━━ INFORMATION GIVEN
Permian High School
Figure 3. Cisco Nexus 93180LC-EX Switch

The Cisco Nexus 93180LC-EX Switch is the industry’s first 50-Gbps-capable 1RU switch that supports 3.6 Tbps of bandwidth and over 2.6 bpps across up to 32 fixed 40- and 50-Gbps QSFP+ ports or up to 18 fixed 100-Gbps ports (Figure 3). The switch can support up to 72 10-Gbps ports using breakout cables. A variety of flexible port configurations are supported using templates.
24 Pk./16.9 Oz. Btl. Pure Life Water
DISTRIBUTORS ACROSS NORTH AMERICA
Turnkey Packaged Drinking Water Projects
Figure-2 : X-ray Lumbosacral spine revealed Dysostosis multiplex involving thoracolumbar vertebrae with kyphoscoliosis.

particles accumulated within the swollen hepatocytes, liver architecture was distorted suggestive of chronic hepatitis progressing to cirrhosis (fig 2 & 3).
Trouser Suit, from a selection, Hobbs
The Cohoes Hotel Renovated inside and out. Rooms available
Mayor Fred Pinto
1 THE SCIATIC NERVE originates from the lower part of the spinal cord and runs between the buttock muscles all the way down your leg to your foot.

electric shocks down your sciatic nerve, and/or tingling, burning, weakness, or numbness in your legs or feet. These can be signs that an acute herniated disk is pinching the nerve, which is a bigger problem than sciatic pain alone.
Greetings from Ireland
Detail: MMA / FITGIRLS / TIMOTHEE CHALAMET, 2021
━━━━
━━ INFORMATION GIVEN
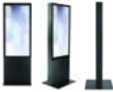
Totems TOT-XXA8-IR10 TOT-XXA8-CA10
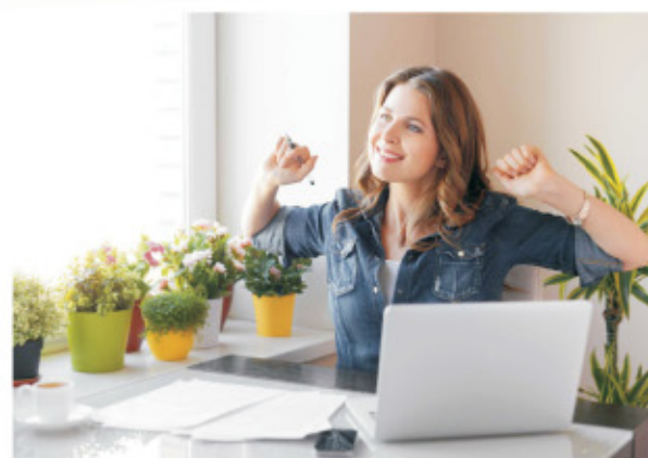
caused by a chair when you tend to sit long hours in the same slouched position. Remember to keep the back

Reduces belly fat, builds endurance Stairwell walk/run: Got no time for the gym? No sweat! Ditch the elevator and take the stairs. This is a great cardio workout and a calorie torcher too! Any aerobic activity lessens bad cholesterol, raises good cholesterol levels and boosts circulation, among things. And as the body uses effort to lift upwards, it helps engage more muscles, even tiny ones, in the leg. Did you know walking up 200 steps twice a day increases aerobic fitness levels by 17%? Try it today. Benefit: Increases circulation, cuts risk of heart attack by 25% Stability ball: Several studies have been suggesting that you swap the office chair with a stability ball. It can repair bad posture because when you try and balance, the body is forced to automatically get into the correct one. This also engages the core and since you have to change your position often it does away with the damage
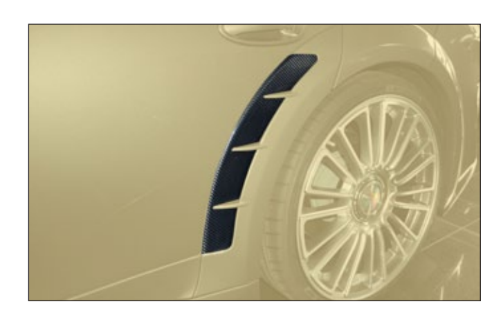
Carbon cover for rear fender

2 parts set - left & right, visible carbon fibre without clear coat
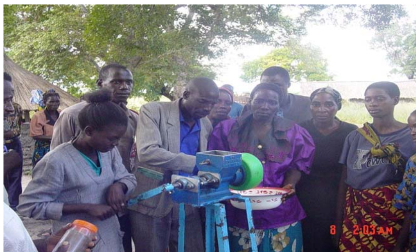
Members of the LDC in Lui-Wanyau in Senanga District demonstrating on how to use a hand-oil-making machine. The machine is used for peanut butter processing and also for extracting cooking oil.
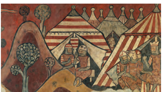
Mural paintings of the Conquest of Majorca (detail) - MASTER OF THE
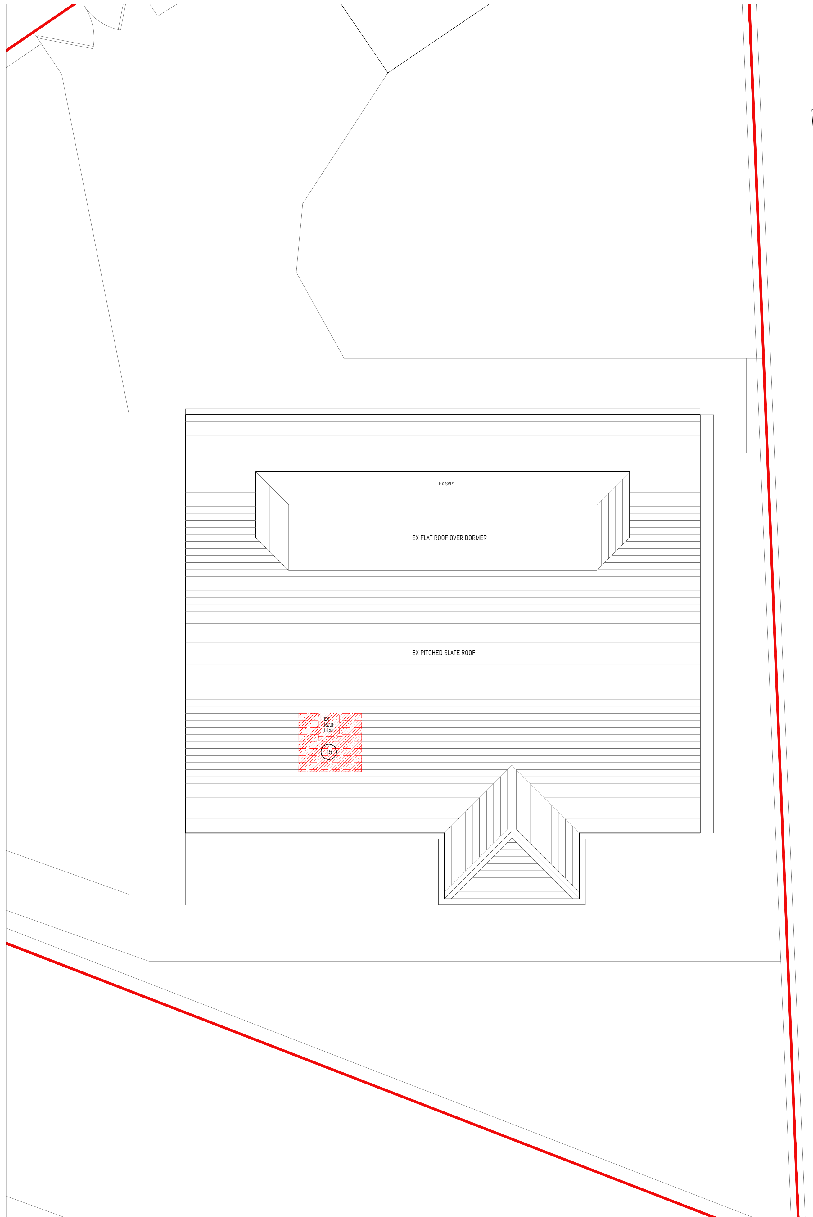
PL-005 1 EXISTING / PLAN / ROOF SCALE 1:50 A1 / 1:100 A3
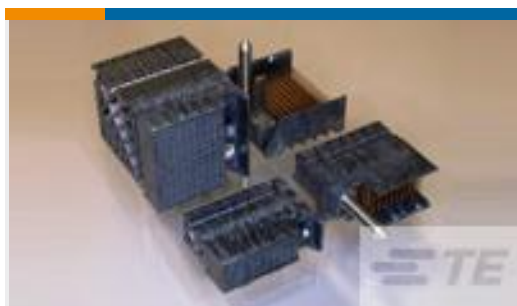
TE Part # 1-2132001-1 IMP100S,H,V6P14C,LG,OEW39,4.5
━━━━
EXERCISE DETAILS:
Whenever the string "from" turns up in a line of the material, that line counts; say how many such lines there are, giving the number only.

RESULT:
3